Canadian Consulting Engineer

War, and what we must remember

August 1, 2005
By Bronwen Parsons

Promotional material about the new Canadian War Museum (see page 22) has taken pains to point out that the architecture goes beyond commemorating the legacy of war. The building design was also meant...

Promotional material about the new Canadian War Museum (see page 22) has taken pains to point out that the architecture goes beyond commemorating the legacy of war. The building design was also meant to symbolize nature’s ability to regenerate.

I’m afraid I found the “regeneration” aspect a bit hard to swallow. I’m not sure that there is any good aspect to war. War is hell. It destroys lives, it tears flesh and bone apart, it numbs minds, it burns. War lays waste cities and devastates nature. Just read a book like Sebastian Faulk’s Birdsong to appreciate how warfare destroys individuals and entire civilizations.

It’s vital that we build monuments and museums to remember our soldiers and others who have died in military service. But it’s easy to get caught up in a maudlin fascination with the subject. Whenever warfare is made into a work of art — be it a museum exhibit, a novel, a poem, a film or a song — it is somehow removed and becomes a benign romantic experience. How else to explain the pleasure in reading a novel about trench warfare in World War I and reliving the horror of being buried alive in the mud, blood and gunfire of a Normandy battlefield? How else to explain why people flock to war movies or return again and again to the heart-rending pathos of poems like John McCrae’s poem “In Flanders Fields”?

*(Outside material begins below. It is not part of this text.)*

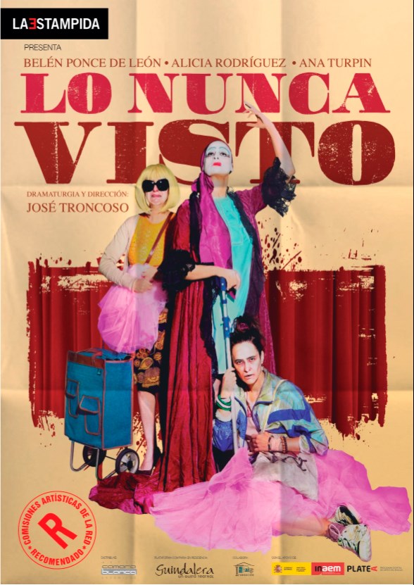 Lo nunca visto conta com, a un mes del tancament per impagaments del seu estudi, una decrèpita professora de dansa i teatre per a xiquetes, decidix que és el moment del "ara o mai" i realitzar un espectacle que revolucione l'art contemporani: "Lo nunca visto". Sense talent, sense diners i ja sense alumnes en les seues classes, es llança a reclutar “artistes compromesos” per a la seua causa. Només acudiran a la seua crida dos de les seues exalumnes: una yonki gallega i un mestressa de casa recentment escapolida. L’entrega en cos i ànima de les nostres tres protagonistes, que no tenen una altra cosa que explicar-nos més que les seues pròpies vides, ens posarà el llistó molt alt, fent-nos ballar de plor i riure de suor. Comença la funció. Fosc.

In fact much of the new museum building in Ottawa expresses the dark reality of war. With its jagged structures and heavy leaning walls, the building is reminiscent of underground tunnels, tombs and bombed-out cities. Its vegetation-covered roof has been described as symbolizing nature regenerating itself. Yes, if you like. But the form of the building is also menacing. It resembles a stealth bomber, or could be read as something evil lying under the surface ready to re-emerge and assert itself on a peaceful and creative world. With the tube attacks in London and the gun violence in Toronto this summer, it seems that the kind of human hostility and alienation that feeds into warfare is easily aroused.

It’s exactly because of the need to defend against human aggression we need the military. No-one deserves more recognition and respect than those — including military engineers — who are willing to offer their lives to defend others.

Before this magazine went to press we had a situation that illustrates in a small way the dilemma of making art out of war. The art director had chosen an image supplied by the Canadian War Museum to go on the cover. The photograph was a montage representing one of the exhibits. It included faded sepia photographs of combat soldiers and other artifacts from the wartime era. With its greenish tinge it would have made a striking graphic effect. The trouble was, front and centre was a large gun. Would it have been bad taste or just ill advised from a business point of view to have a firearm on the cover of the magazine? We erred on the side of caution and chose another photograph. But as the art director reasoned, guns are part of war. Just as death is. We mustn’t sanitize the reality.